The game of offensive line musical chairs has meant a lot of work for Brendan Nugent. The Bears' offensive quality control coach works specifically with the offensive lineman, preparing them for upcoming opponents and helping to install game plans. Nugent, who at 31 is one of the youngest coaches on the staff, recently chatted with ChicagoBears.com about working with the lineman, his evolution as a coach and his goals as a coach.

You played linebacker in college and have coached tight ends and receivers previously. So how did you end up coaching offensive linemen with the Bears?

I've kind of done a little bit of everything on offense. I have kind of moved towards the offensive line/tight end, the up-front guys, towards the end of it there. So when I came here with (offensive coordinator Aaron Kromer) and (offensive line coach Pat Meyer), I stuck with it. I enjoy it.

Does your knowledge of other positions help you coach the line?

I think it does, just with overall big picture stuff. To be able to go big with ideas and then bring it down small, to what we do up front.

How has this season gone for you, with the constant changes up front?

We got kind of spoiled last year, having the same five guys play all 16 games. So it has been a challenge, but it's been fun.
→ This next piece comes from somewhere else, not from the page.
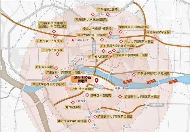 医疗配套:项目3公里范围内有南方医科大学珠江医院(三甲)、中山大学孙逸仙纪念医院(三甲)、广州市红十字会医院(三甲)等多家三甲医院。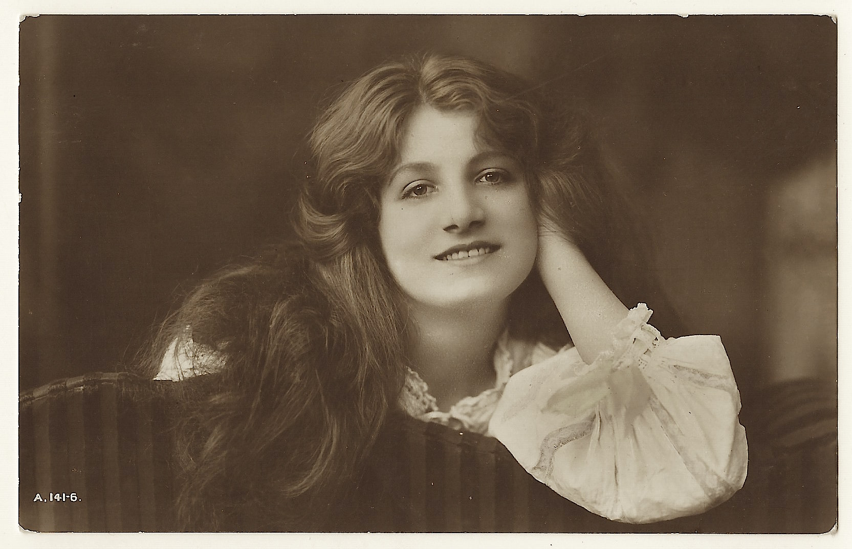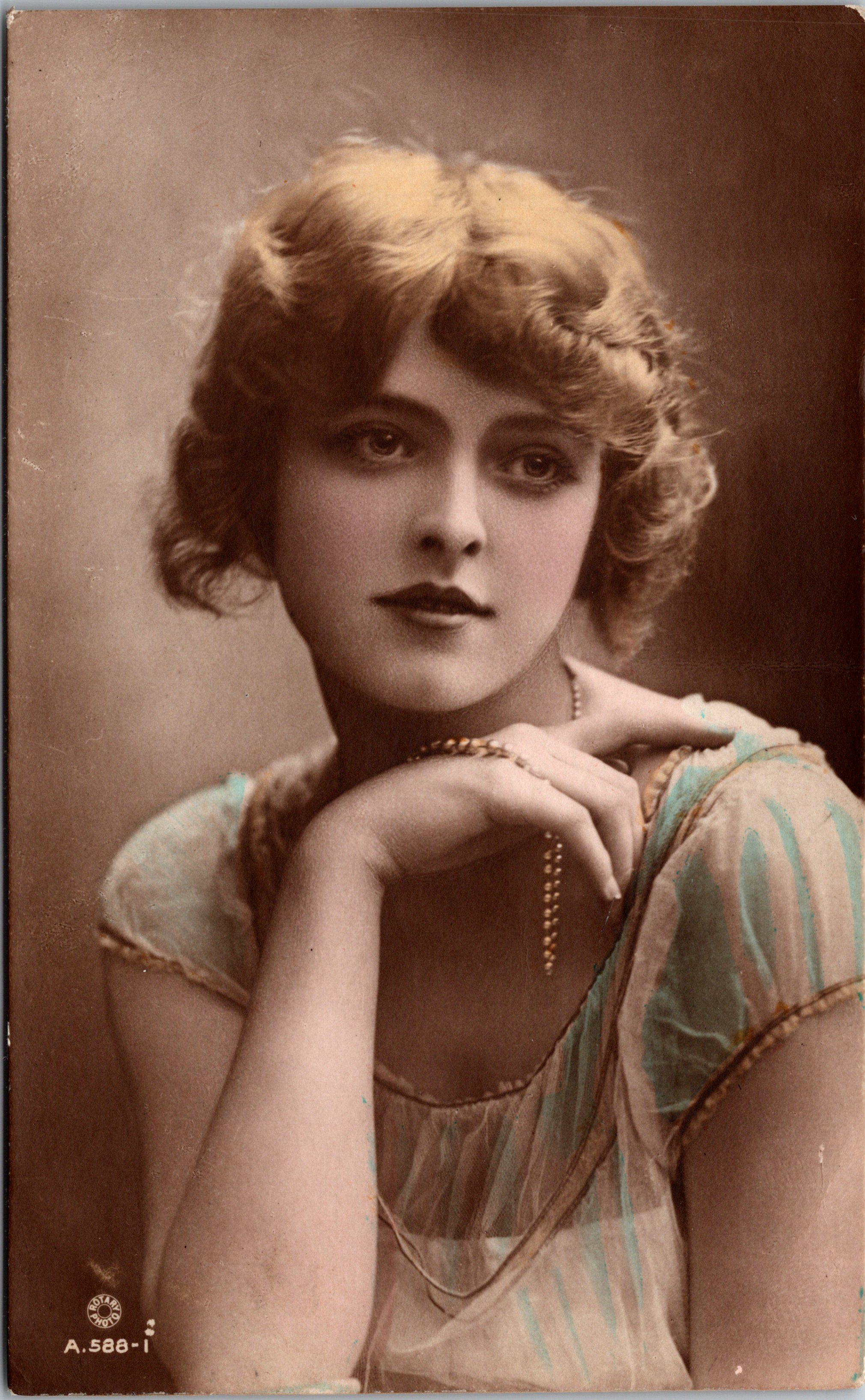 This vintage real photo postcard is a member of the Rotary Photo “British Beauty” series (no. A.141-6). The Cabinet Card Gallery has a number of “British Beauty” cards in it’s collection. This postcard was printed in Britain and is hand tinted. This postcard is in very good condition (see scans).

We have a good group of guys, the guys are always ready and prepared. So guys have stepped in and been ready to go.

Where have you seen development from second-years guys like Kyle Long and Jordan Mills, but also first-year players such as Michael Ola?

Kyle has had a real big jump. You go back and watch any of the Detroit games from last year and then watch him in the first Detroit game this year, what he was able to do with Ndamukong Suh and just the technique difference. How it totally is like night and day between last year and this year. Jordan's been steady, he got steadily good last year. Then he got hurt, but has come back and still played at his steady pace, so he gets better every day. I don't know if anyone works harder at his pass sets, Jordan is out there early every day. He probably gets a 1,000 pass sets a day. Michael came here in the spring, he's still young, still learning, still a rookie. But he has a great set of tools that he needs to keep developing and keep getting some more work in here and he has a chance to be a really good player too.

Then there's Roberto Garza, who is actually a few years older than you are. What has it been like to work with him?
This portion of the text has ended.